### [Material provided]
===============
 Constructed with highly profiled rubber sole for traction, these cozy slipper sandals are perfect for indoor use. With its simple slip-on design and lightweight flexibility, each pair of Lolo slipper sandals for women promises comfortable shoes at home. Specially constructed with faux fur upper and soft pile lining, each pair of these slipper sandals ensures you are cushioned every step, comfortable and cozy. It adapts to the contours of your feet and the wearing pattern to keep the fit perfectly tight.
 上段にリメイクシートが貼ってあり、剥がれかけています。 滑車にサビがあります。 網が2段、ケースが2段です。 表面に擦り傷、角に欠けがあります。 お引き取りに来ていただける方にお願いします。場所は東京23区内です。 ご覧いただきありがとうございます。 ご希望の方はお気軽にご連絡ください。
===============
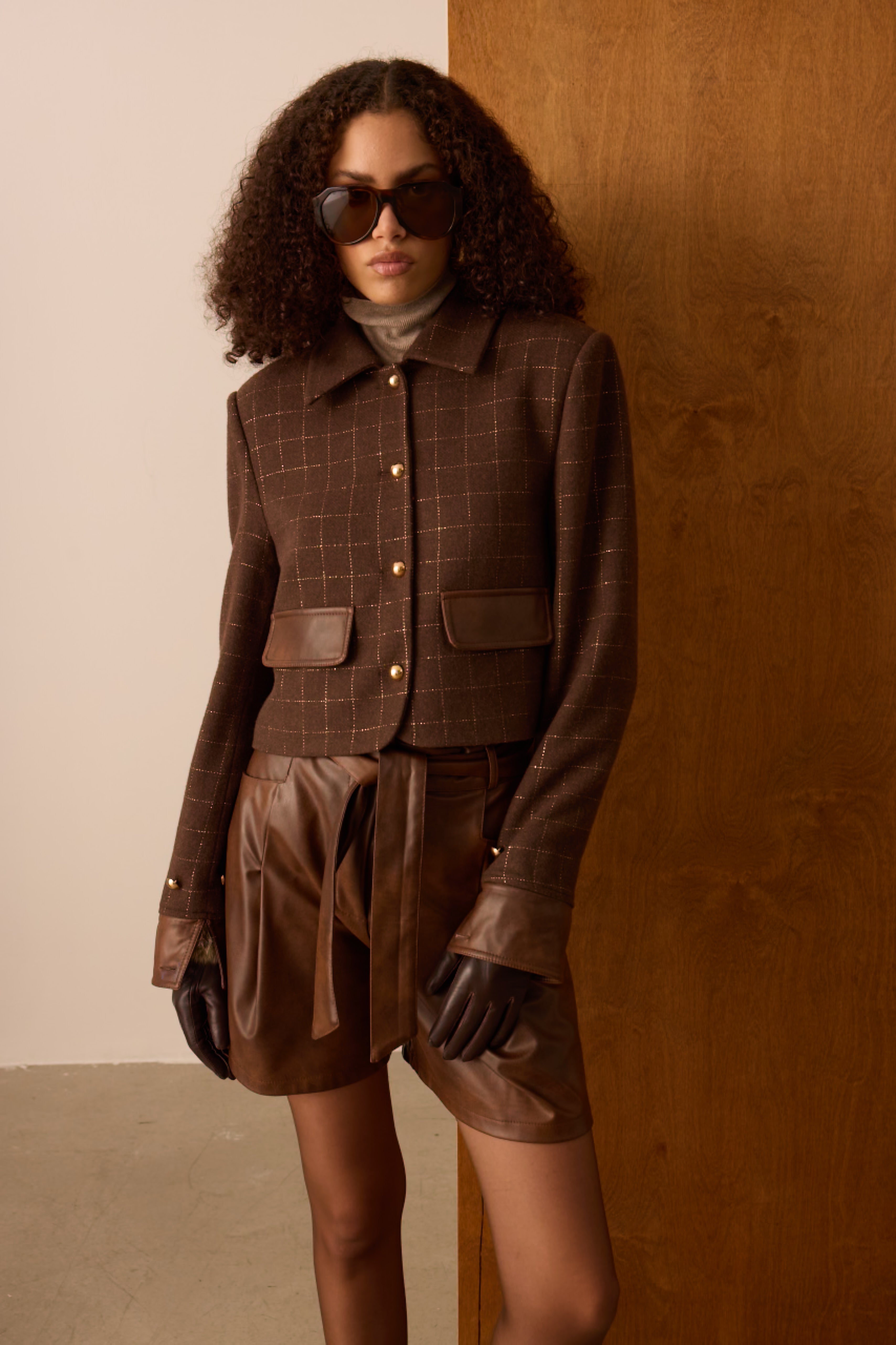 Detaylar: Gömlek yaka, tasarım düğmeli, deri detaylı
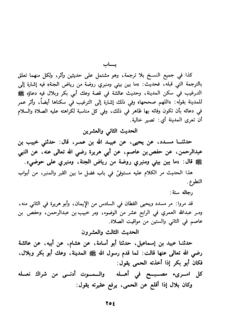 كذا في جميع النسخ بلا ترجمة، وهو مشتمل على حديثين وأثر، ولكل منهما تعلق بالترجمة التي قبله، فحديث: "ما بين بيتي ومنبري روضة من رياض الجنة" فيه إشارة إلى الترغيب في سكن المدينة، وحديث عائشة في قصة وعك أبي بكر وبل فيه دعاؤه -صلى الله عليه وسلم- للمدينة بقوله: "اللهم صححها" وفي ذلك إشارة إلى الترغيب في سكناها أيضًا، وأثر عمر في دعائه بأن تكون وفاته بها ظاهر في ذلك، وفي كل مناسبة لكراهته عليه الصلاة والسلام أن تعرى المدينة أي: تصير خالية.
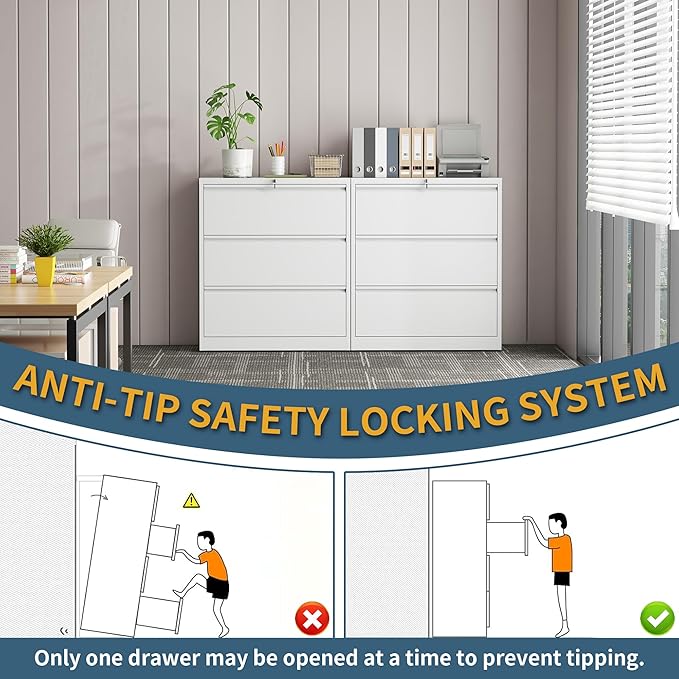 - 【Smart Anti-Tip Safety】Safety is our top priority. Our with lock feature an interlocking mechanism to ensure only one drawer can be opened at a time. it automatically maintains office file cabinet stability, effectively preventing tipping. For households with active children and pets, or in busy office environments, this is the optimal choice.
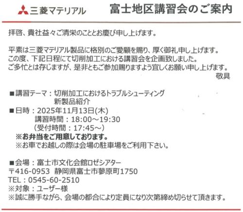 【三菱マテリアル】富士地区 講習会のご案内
===============
### [Task description]
Take the stretch of lines above from the one containing "Constructed with highly" through the one containing "上段にリメイクシートが貼ってあり、剥がれかけています。 滑車にサビがあります。 網が2段、ケースが2段です。" and repeat it exactly, adding no other line.

### [Exercise output]
 Constructed with highly profiled rubber sole for traction, these cozy slipper sandals are perfect for indoor use. With its simple slip-on design and lightweight flexibility, each pair of Lolo slipper sandals for women promises comfortable shoes at home. Specially constructed with faux fur upper and soft pile lining, each pair of these slipper sandals ensures you are cushioned every step, comfortable and cozy. It adapts to the contours of your feet and the wearing pattern to keep the fit perfectly tight.
 上段にリメイクシートが貼ってあり、剥がれかけています。 滑車にサビがあります。 網が2段、ケースが2段です。 表面に擦り傷、角に欠けがあります。 お引き取りに来ていただける方にお願いします。場所は東京23区内です。 ご覧いただきありがとうございます。 ご希望の方はお気軽にご連絡ください。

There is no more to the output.